» Problem to work on: Word for word, transcribe every line from the one holding "Say hello to" through the end of the records, but not the pictures.
┏━━
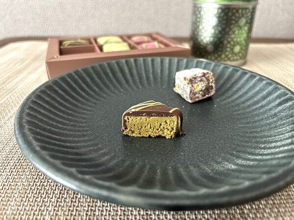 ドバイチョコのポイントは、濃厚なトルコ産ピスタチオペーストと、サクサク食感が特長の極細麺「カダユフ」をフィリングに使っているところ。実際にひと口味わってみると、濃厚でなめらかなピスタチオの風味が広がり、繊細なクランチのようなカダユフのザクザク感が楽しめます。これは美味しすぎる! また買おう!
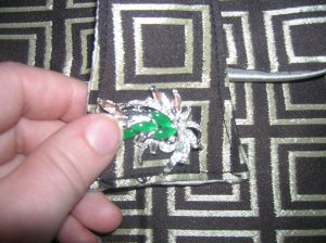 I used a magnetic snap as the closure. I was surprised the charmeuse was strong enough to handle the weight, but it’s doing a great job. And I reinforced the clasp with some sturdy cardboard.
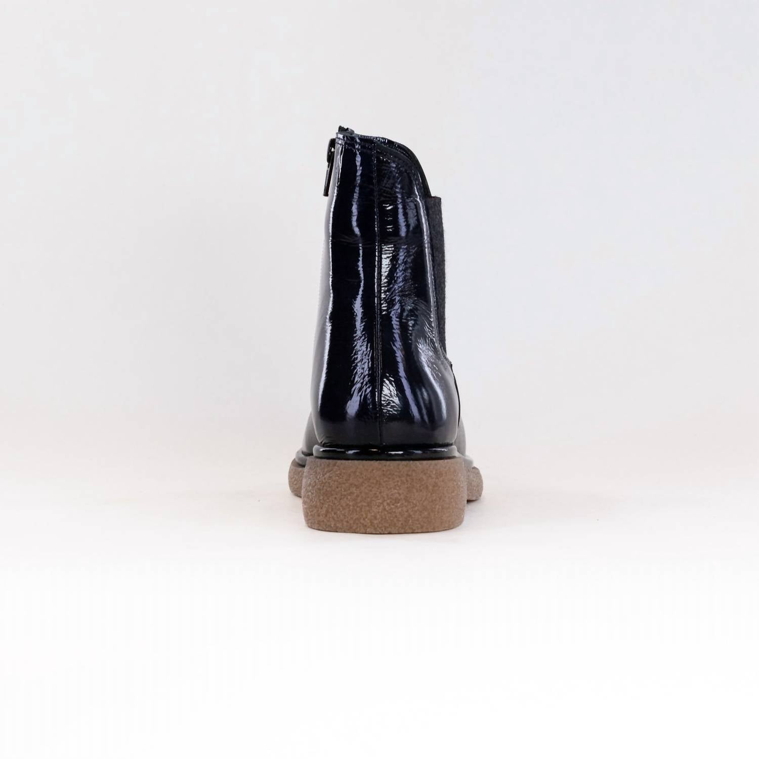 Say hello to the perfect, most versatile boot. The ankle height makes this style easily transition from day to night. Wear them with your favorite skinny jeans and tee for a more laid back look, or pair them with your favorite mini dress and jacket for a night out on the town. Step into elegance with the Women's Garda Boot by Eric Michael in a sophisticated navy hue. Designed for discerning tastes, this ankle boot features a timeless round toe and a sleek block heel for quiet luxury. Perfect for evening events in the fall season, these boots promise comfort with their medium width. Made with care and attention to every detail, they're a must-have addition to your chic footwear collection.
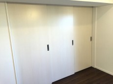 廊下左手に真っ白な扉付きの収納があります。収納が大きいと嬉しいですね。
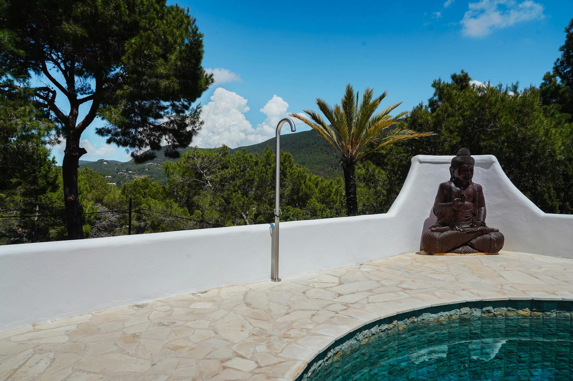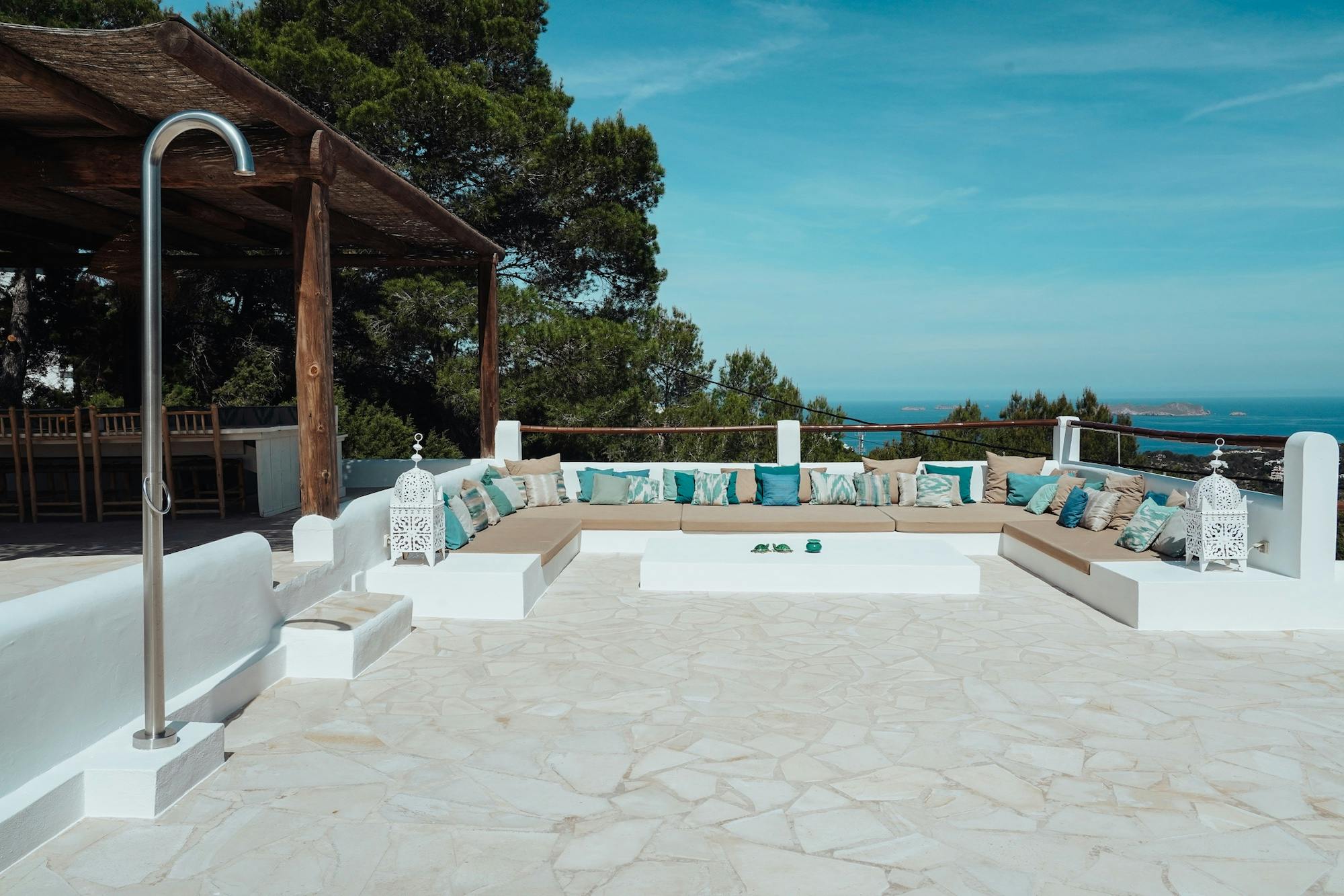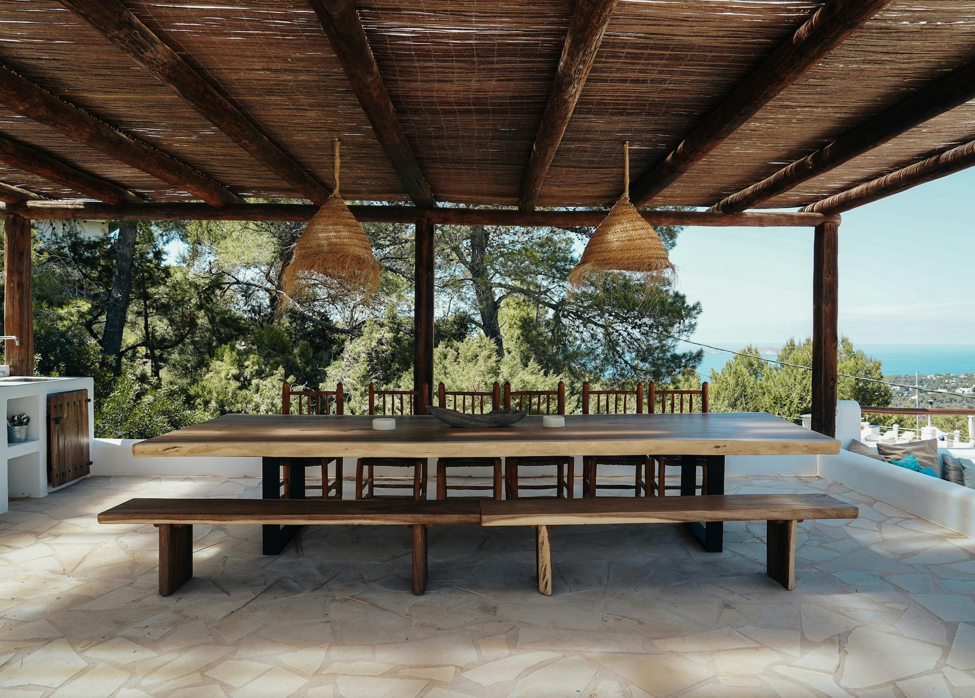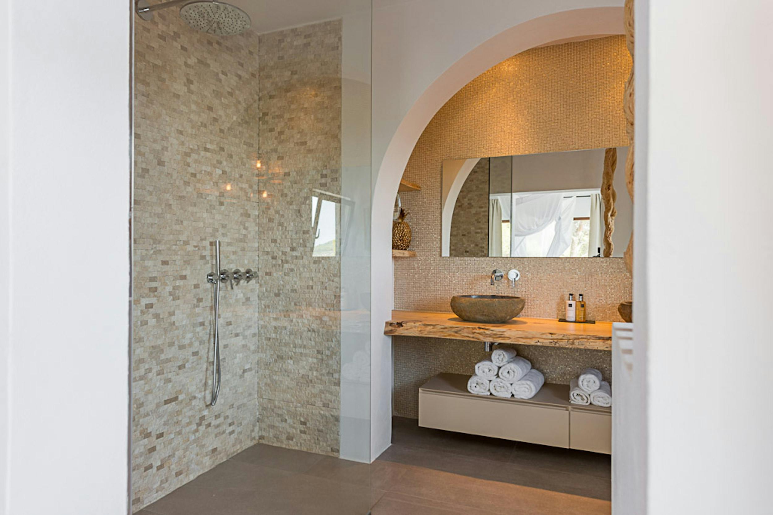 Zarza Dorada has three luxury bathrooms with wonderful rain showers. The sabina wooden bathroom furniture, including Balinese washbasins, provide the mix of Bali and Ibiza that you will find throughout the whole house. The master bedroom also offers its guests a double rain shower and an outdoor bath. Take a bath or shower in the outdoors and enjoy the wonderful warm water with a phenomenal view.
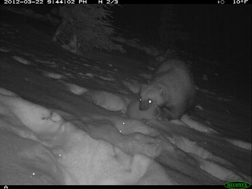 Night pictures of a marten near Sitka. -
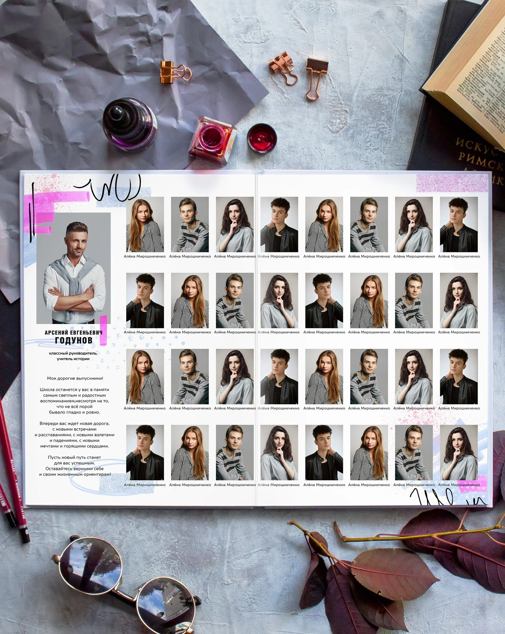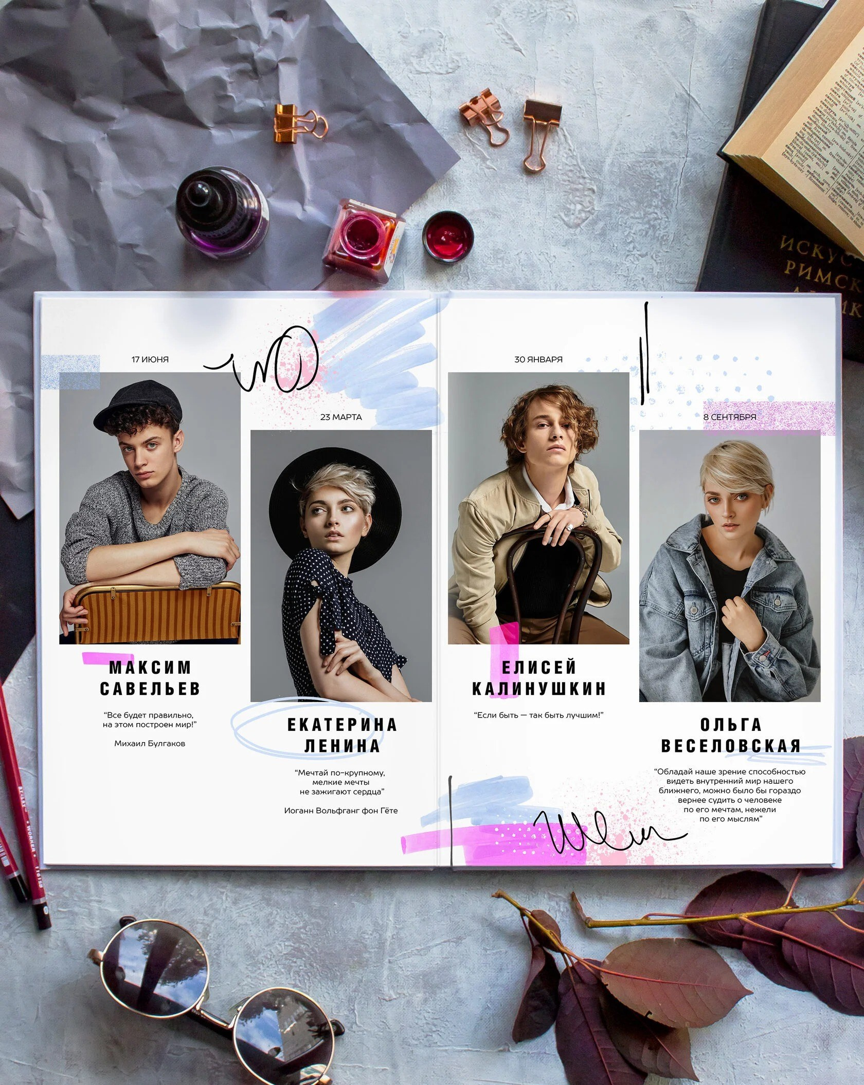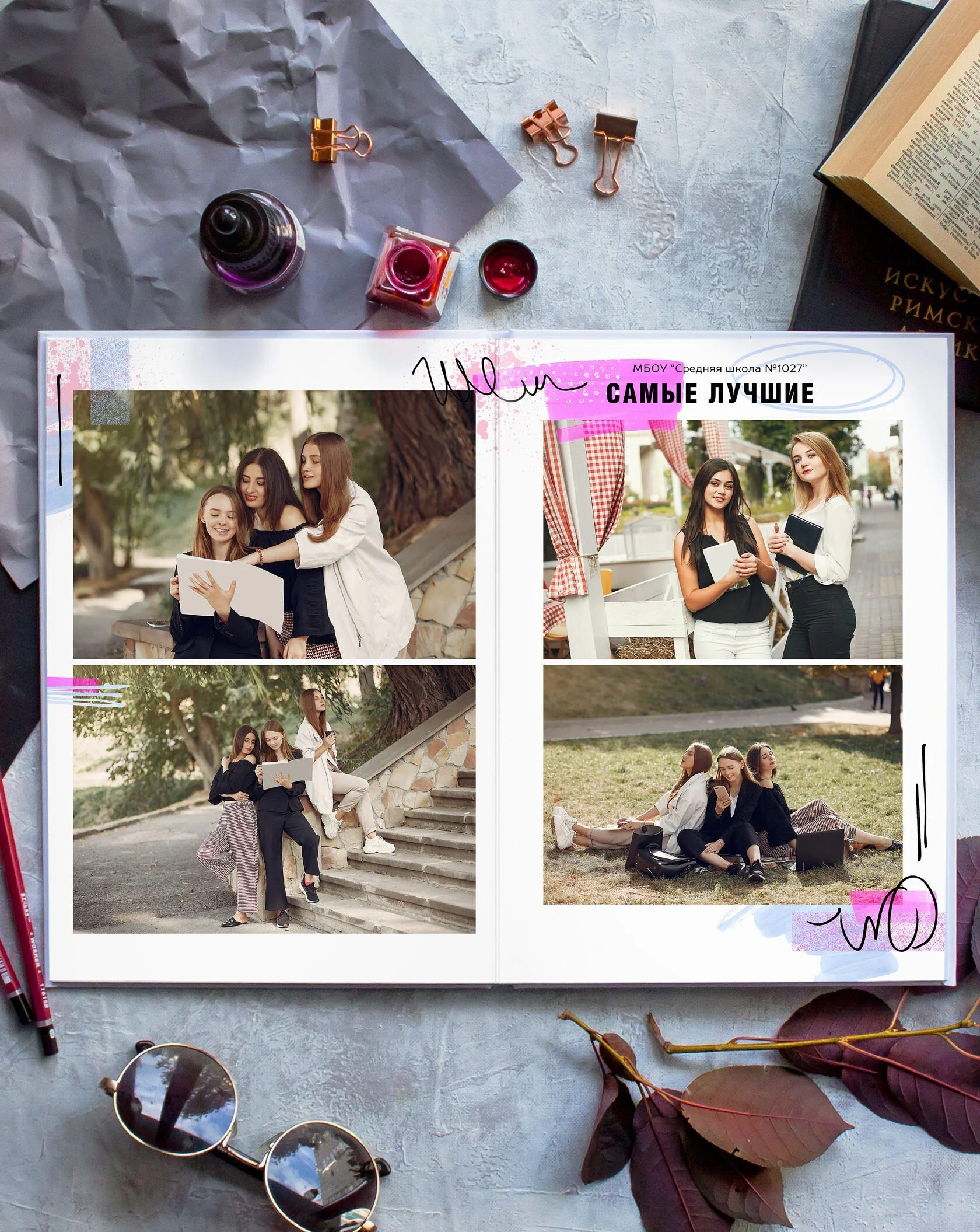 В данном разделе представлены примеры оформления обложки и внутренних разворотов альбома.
┗━━
» Your solution:
 Say hello to the perfect, most versatile boot. The ankle height makes this style easily transition from day to night. Wear them with your favorite skinny jeans and tee for a more laid back look, or pair them with your favorite mini dress and jacket for a night out on the town. Step into elegance with the Women's Garda Boot by Eric Michael in a sophisticated navy hue. Designed for discerning tastes, this ankle boot features a timeless round toe and a sleek block heel for quiet luxury. Perfect for evening events in the fall season, these boots promise comfort with their medium width. Made with care and attention to every detail, they're a must-have addition to your chic footwear collection.
 廊下左手に真っ白な扉付きの収納があります。収納が大きいと嬉しいですね。
 Zarza Dorada has three luxury bathrooms with wonderful rain showers. The sabina wooden bathroom furniture, including Balinese washbasins, provide the mix of Bali and Ibiza that you will find throughout the whole house. The master bedroom also offers its guests a double rain shower and an outdoor bath. Take a bath or shower in the outdoors and enjoy the wonderful warm water with a phenomenal view.
 Night pictures of a marten near Sitka. -
 В данном разделе представлены примеры оформления обложки и внутренних разворотов альбома.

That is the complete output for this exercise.